Records drawn from a dataset:
⁂
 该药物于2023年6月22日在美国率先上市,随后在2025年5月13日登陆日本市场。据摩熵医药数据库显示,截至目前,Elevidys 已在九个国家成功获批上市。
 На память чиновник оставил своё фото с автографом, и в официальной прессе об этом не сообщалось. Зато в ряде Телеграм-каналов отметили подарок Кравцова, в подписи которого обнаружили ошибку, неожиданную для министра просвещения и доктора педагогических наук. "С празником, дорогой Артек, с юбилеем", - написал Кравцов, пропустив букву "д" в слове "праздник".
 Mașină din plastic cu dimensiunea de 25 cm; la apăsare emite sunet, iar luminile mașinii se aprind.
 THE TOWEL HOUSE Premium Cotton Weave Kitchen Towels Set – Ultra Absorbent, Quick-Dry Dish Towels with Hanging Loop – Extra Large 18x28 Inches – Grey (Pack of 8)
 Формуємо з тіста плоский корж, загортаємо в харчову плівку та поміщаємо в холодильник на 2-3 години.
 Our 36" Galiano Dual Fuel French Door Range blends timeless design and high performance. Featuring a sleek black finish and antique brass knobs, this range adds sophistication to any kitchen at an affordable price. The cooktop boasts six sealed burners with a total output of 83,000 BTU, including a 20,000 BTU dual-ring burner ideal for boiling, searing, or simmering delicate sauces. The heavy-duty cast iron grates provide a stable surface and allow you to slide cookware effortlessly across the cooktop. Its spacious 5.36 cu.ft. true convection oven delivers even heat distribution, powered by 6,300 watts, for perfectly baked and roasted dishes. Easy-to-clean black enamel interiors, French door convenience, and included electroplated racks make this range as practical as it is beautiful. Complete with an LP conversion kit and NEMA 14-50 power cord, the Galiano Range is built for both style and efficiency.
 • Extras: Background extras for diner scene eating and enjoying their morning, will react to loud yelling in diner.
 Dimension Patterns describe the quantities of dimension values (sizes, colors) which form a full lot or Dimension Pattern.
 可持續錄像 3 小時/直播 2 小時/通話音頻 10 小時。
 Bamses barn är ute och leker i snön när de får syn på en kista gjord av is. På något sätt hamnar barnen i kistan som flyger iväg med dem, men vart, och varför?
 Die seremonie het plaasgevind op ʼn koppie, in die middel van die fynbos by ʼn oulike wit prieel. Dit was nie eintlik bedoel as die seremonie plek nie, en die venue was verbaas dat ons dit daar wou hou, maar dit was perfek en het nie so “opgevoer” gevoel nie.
⁂
◆ WHAT IS NEEDED ◆
Reproduce the lines above, beginning at the line with "THE TOWEL HOUSE" and stopping after the line with "Формуємо з тіста", exactly as they are.

◆ RESULT FOR THIS TASK ◆
 THE TOWEL HOUSE Premium Cotton Weave Kitchen Towels Set – Ultra Absorbent, Quick-Dry Dish Towels with Hanging Loop – Extra Large 18x28 Inches – Grey (Pack of 8)
 Формуємо з тіста плоский корж, загортаємо в харчову плівку та поміщаємо в холодильник на 2-3 години.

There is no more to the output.